I never thought much about the bacteria in my stomach until Thanksgiving break when a family friend, Susan, showed me her latest project: homemade kombucha. Kombucha is a drink made from fermented tea and tastes like a fizzy cross between iced tea and beer.

The fermentation process yields a drink that is ultra-low in sugar and calories but provides an impressive array of nutrients, antioxidants and probiotics. I was experimenting with a vegan diet at the time, and the allure of such a brilliant dairy-free source of probiotics motivated me to start culturing my own kombucha.

Since kombucha takes about a week to ferment, my first batch was ready just as finals were getting started. Instead of my usual coffee, I arrived at FML each morning with a big tumbler of homemade kombucha in hand. Sipping kombucha in the library made me feel immune to the stress of finals that surrounded me. I ended up having a grand time during finals last semester. For some reason, drinking kombucha made me happy.

Like many people, I suspect, I was always vaguely aware of the importance of probiotics for digestive health. Until I discovered kombucha, though, I didn’t realize the immediate benefits of a healthy gut biome for my everyday demeanor. One study by Benton, Williams and Brown found that healthy subjects who were initially in a bad mood had an improved mood if they ate a probiotic-containing yogurt.

Being in a good mood, obviously, makes life more pleasant for you and those you interact with.
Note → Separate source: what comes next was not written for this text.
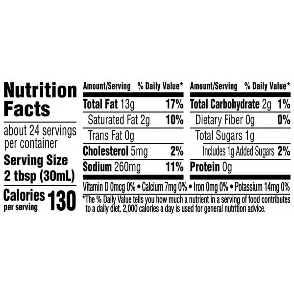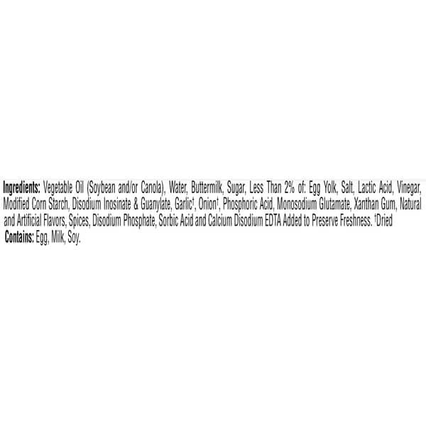 Vegetable Oil (soybean And/or Canola), Water, Sugar, Less Than 2% Of: Egg Yolk, Buttermilk, Salt, Lactic Acid, Vinegar, Modified Food Starch, Disodium Inosinate And Guanylate, Garlic*, Onion*, Phosphoric Acid, Monosodium Glutamate, Xanthan Gum, Natural And Artificial Flavors, Spices, Disodium Phosphate, Sorbic Acid And Calcium Disodium Edta Added To Preserve Freshness.

However, happiness also leads to better outcomes in general. A 2005 meta-analysis of numerous studies found happiness may be the cause of success across multiple life domains — including marriage, income and health.
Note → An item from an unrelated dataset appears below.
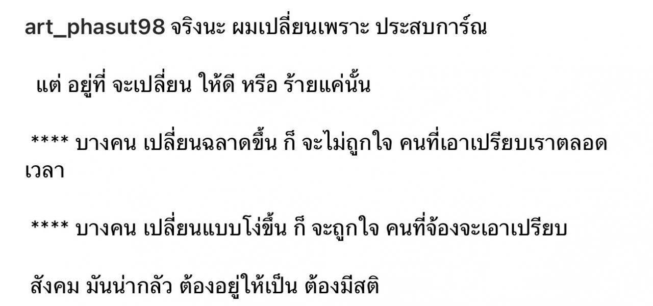 และแคปชั่นที่เจ้าตัวได้เขียนเอาไว้ว่า “จริงนะ ผมเปลี่ยนเพราะประสบการณ์ แต่อยู่ที่จะเปลี่ยนให้ดี หรือร้ายแค่นั้น บางคนเปลี่ยนฉลาดขึ้นก็จะไม่ถูกใจ คนที่เอาเปรียบเราตลอดเวลา บางคนเปลี่ยนแบบโง่ขึ้น ก็จะถูกใจคนที่จ้องจะเอาเปรียบสังคม มันน่ากลัว ต้องอยู่ให้เป็น ต้องมีสติ”.

Thus, a recent goal of mine has been to create my own happiness — the sustainable kind of happiness that isn’t dependent on external factors like achievements or relationships. Little did I know that gut bacteria also produce neuroactive molecules — like serotonin and melatonin — that could influence my sense of vitality via mechanisms I previously had not even considered.

Regularly consuming your favorite fermented foods — whether yogurt, sauerkraut, miso or kombucha — can help promote a healthy gut microbiome that will leave you feeling stellar. However, in order to achieve optimal gut health one must not only eat probiotics, but also be aware of what habits have an adverse affect on your gut microbiome.
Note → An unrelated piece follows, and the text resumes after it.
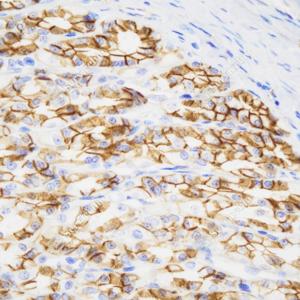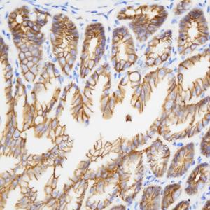 IHC检测beta Catenin蛋白(货号 YB15026). 样品: 大鼠胃, 4%多聚甲醛 (货号Y1112) 固定12-24小时. 抗原修复: 柠檬酸抗原修复液(干粉, pH 6.0) (Y1212), 高压锅均匀喷气计时2分钟. —抗: 1: 1000稀释, 4℃ 孵育过夜. 二抗: HRP标记山羊抗兔IgG (H+L) (货号YB23314), 1: 200稀释, 室温孵育1小时. |

After a bit more research, I realized that while eating probiotics could improve the health of my gut bacteria, a number of my daily habits were working against me. Although I try to eat a healthy diet of mostly whole, plant-based foods, I regularly consumed artificial sweeteners like Splenda, diet beverages and sugar-free gum.

According to Scientific American, preliminary studies suggest that artificial sweeteners can change the ratio of certain types of bacteria in our stomachs that promote nutrients being stored as fat rather than broken down for energy. Though the study mostly focused on the implications of this for weight gain and obesity, nutrients that become fat instead of energy mean that we have less energy for life.

Since finding this out, I have cut back on eating artificial sweeteners. To my surprise, I found that I no longer need the caffeine boost in the morning that I used to rely heavily on.

Another habit of mine that was wreaking havoc on my microbiome was consistently taking antibiotics to keep a clearer complexion. Thinking back, I should have realized that antibiotics were probably killing all my probiotics, but it never crossed my mind. While antibiotics can be an effective short-term solution for skin problems, a study by Nole, Yim and Keri suggested that regularly eating probiotics might help the skin as well by reducing the inflammation that leads to blemishes.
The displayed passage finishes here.